CV= 100(1.827/2.533)= 72.13%
CS=3(2.533-2)/1.827=0.875
(j)Construct the boxplot for this data and comment of skewness. Is the coefficient of skewness compatible with the skewness measure? Are there any outliers?
Notice that the edges of the rectangle is determined by the lower quartile,1 and the upper quartile 3. The middle line in the rectangle is determined by the median, 2. The whiskers should go as long as up to Q1-1.5(IQR)=1-1.5(2)=-2 and Q3+1.5(IQR)=3+1.5(2)=6. Since the lowest data is 0, the lower whisker stops at 0 instead of stopping at –2. The upper whisker go up to 6. The remaining observations larger than 6 are outliers.
It is positively skewed (skewness is in the direction of the longer whisker and/or outliers).
Coefficient of skewness is positive.

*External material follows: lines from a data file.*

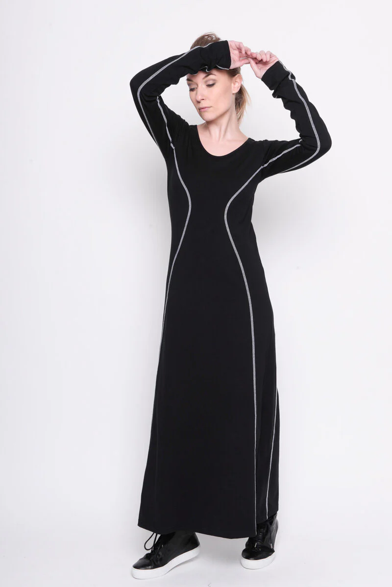 Ankle length tight fit dress with wide round neckline, long sleeves and white detail stitching A modern classic. Its slim silhouette and eye-catching white stitch detailing offers a sophisticated but sporty look.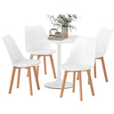 Discover the sleek charm of the HOMCOM Dining Table Set, a must-have for modern homes. This space saving table and chairs set features a chic round dining table that offers lots of legroom and four beautifully crafted kitchen chairs with ergonomic backrests for superior comfort. This kitchen table and dining chairs set not only beautifies dining areas but also enhances cafes and small living spaces with style.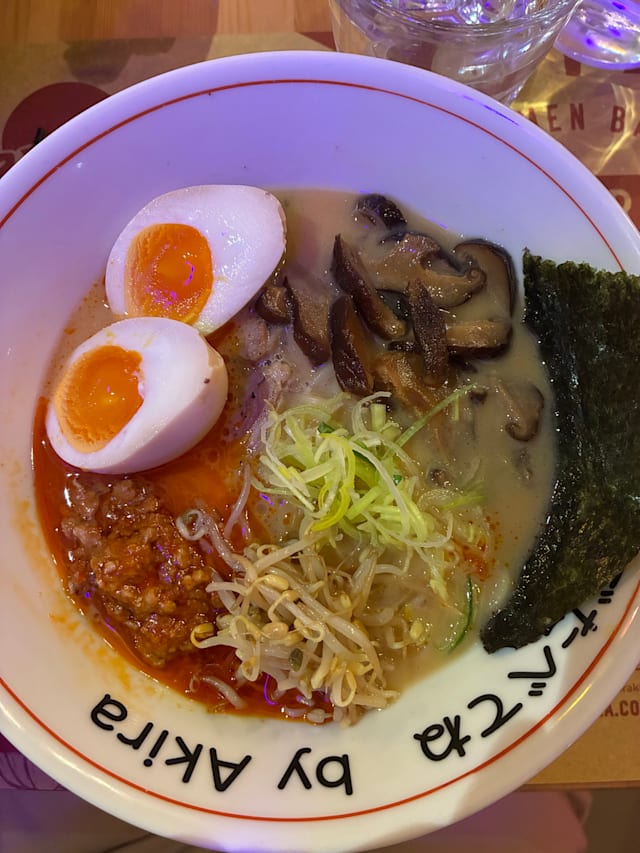 - Noodles fatti in casa, brodo di maiale, 1 fettina di carne di maiale, miso, salsa spicy, germogli di soia, porro, alga nori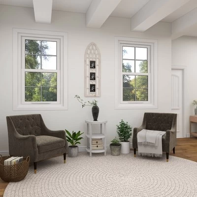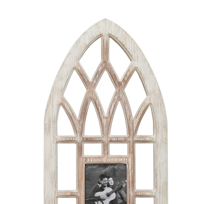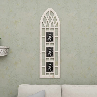 - This whitewashed cathedral inspired wall photo frame features a pointed arch pattern with frames in place of tinted glass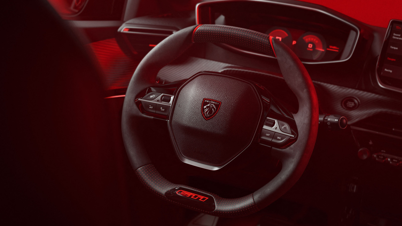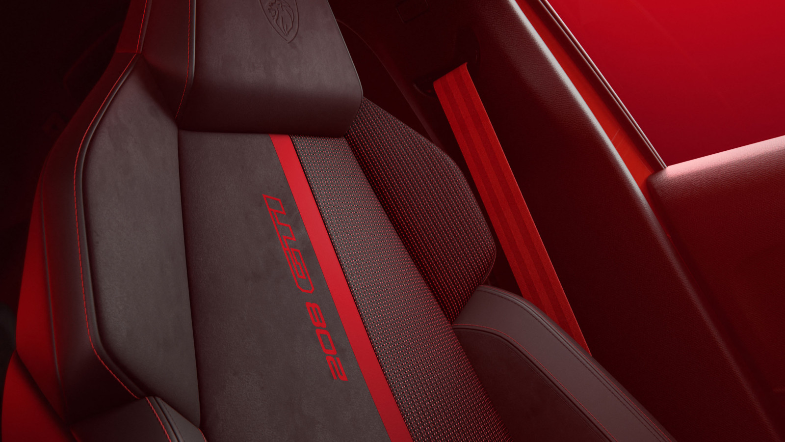Im Innenraum des e-208 GTi setzen sich die Anspielungen auf den 205 fort: Die Schalensitze sind zwischen roten und schwarzen Elementen aufgeteilt, und auch die Fußmatten sind in Rot gehalten. Ansonsten ist der Innenraum identisch mit dem des e-208, allerdings sind Sitze und Lenkrad mit Alcantara bezogen.

Comments are compatible with the measure.
There are two outliers.
(k)If I collect the 61th observation as 10, would the mean, median, mode, lower quartile, upper quartile, range, interquartile range, and variance change? (If you use a spreadsheet, it will save time for you)

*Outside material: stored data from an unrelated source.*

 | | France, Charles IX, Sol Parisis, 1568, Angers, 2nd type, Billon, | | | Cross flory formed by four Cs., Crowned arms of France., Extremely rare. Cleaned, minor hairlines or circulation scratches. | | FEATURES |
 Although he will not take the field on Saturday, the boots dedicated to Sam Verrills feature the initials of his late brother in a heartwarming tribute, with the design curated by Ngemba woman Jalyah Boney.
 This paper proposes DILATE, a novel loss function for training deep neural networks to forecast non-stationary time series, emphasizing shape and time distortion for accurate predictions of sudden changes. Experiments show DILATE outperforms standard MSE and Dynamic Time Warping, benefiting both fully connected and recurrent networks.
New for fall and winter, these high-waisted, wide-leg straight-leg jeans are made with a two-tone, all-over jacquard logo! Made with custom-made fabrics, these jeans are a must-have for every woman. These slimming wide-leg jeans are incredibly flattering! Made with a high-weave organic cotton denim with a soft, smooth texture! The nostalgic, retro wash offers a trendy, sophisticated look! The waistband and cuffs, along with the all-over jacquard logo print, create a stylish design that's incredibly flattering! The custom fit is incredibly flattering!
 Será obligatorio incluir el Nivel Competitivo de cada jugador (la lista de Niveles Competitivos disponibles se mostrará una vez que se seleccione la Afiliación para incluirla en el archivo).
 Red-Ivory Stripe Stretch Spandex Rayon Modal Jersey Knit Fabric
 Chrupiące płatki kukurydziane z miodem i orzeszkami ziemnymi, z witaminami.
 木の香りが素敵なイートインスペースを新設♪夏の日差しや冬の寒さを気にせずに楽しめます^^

Variable N Mean Median TrMean StDev SE Mean
Transducers 61 2.656 2.000 2.491 2.048 0.262
Variable Minimum Maximum Q1 Q3
Transducers 0.000 10.000 1.000 3.500
The mean, upper quartile, range, interquartile range and variance change.
The median, lower quartile and mode do not change.

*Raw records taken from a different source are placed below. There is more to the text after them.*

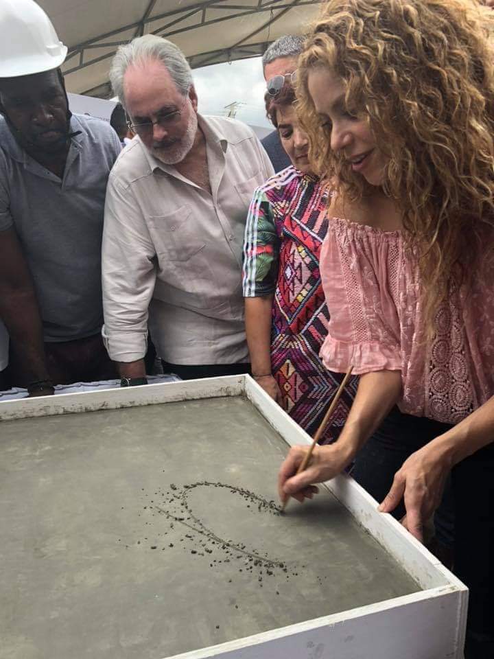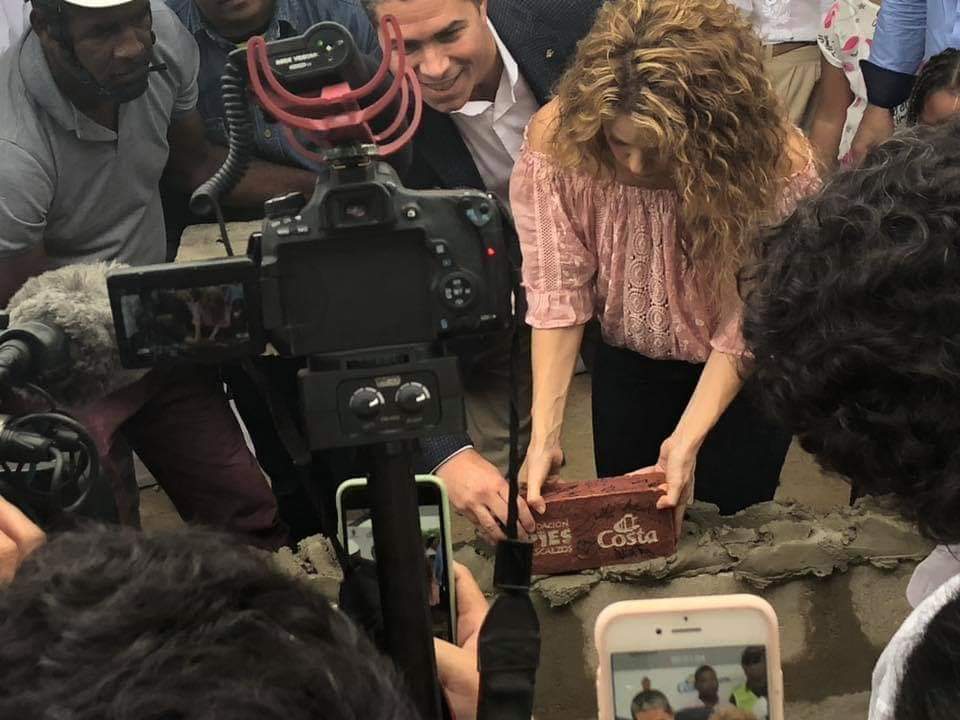Shakira, junto Dario Rustico, Director de Costa Cruceros en Sudamérica colocaron este viernes, el primer ladrillo para la construcción de dos colegios en el norte de Colombia que beneficiarán a más de 2,000 estudiantes de escasos recursos.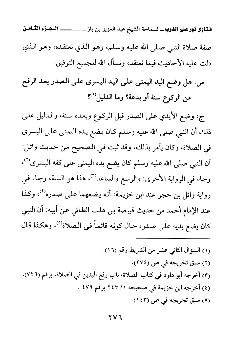 س: هل وضع اليد اليمنى على اليد اليسرى على الصدر بعد الرفع من الركوع سنة أو بدعة؟ وما الدليل؟ (¬1)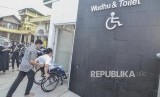 Masjid Ramah Disabilitas.Umat muslim penyandang disabilitas tuna rungu memasuki ruang berwudhu di Masjid El Syifa, Ciganjur, Jakarta Selatan, Senin (27/5). (FOTO : Fakhri Hermansyah)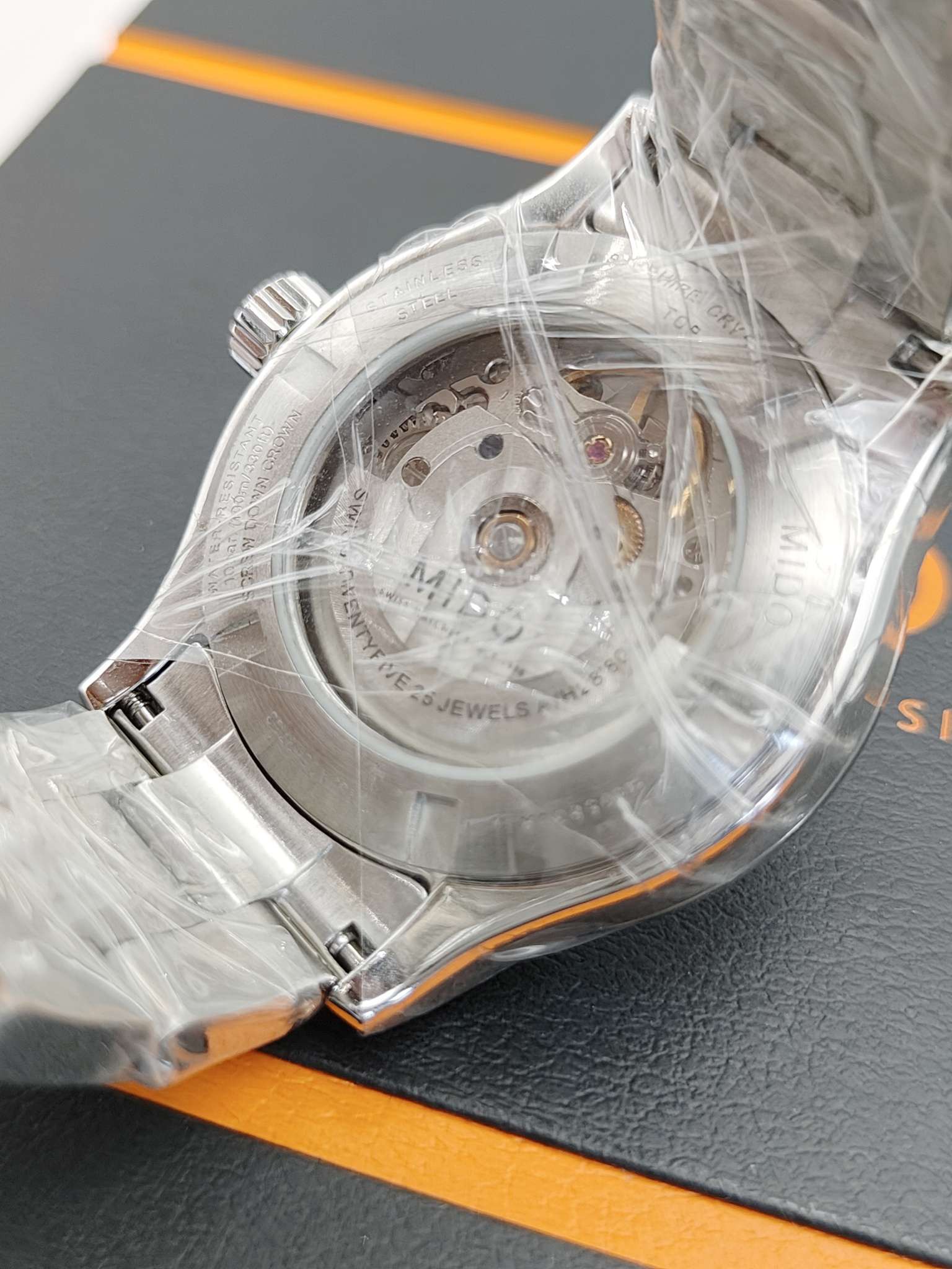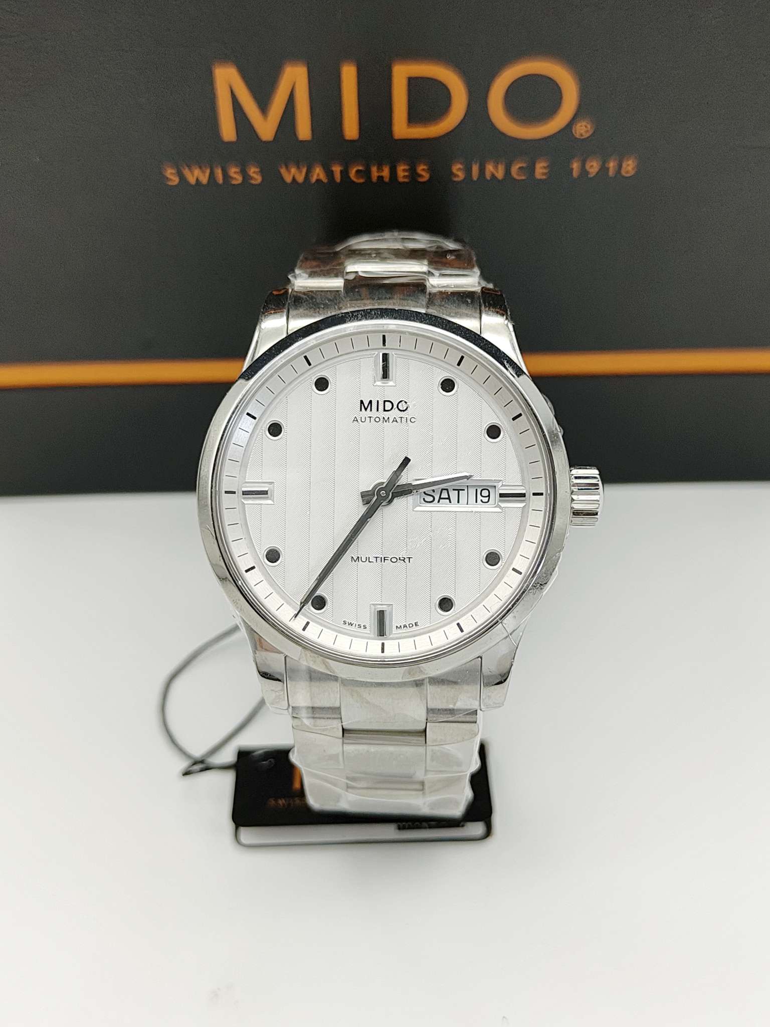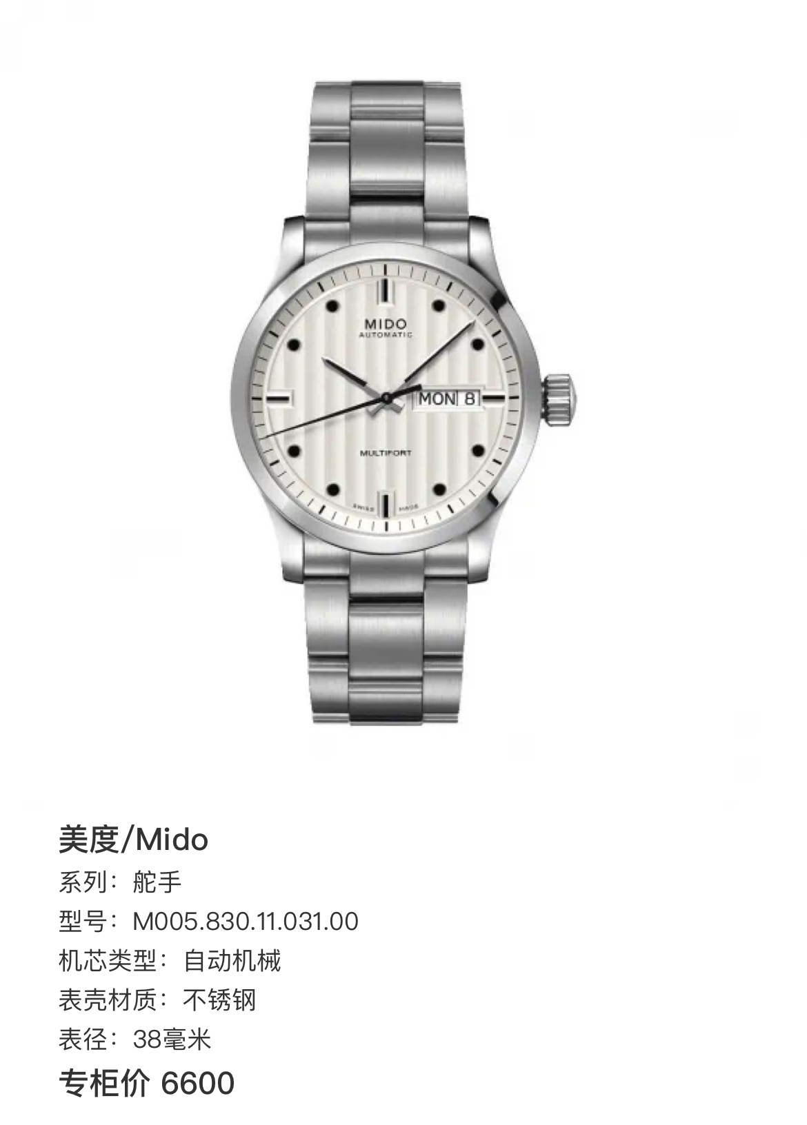 美度/Mido 舵手 M005.830.11.031.00 不锈钢 38毫米 专柜价 6600 自动机械机芯,银白表盘,银色表带,折叠表扣,背透表底,100米防水,日期显示,星期显示,不锈钢 38毫米 专柜价 6900

The minitab computes the quartiles in a different way and your hand calculations gives the upper quartile 3 whereas minitab gives it as 3.5. The upper quartile range would not change if upper quartile range does not change in this example.
- (12 pt.) Exercise 1.41. Additional to the question, answer (d) Construct the histogram for the data.
(a)7/10=0.70
(b)7/10=0.70. They are the same.
(c)x/n=0.8 then x=20 for 25 observations. 13 more S’s are necessary.
(d)
- (6 pt.) If the sample mean for 60 observations was 2.533 and the sample mean for the 25 observations was 2.320 in the same data set, what would be the sample mean for the remaining 35 observations? (You do not need the data to answer the question. Answer it using the given information here).
If the sample mean for the 60 observations was 2.533 then the sum of the 60 observations is 151.98.
If the sample mean for the 25 observations was 2.320 then the sum of the 25 observations is 58.
Then the sum of the remaining 35 observations is 151.98-58=93.98 which will give the sample mean of the remaining 35 observations as 93.98/35=2.685.
- (5 pt.) If the 3 deviations from the mean were 1.68, -2.32, -1.32 in the dataset with 60 observations. What is the sum of the remaining 57 deviations from the mean? (You do not need the data or the mean to answer the question. Answer it using the given information here).
We know that the sum of the all deviations add up to zero. Then the sum of the 3 deviations is 1.68-2.32-1.32=-1.96. It will give us the sum of the remaining 57 deviations as 0-(-1.96)=1.96.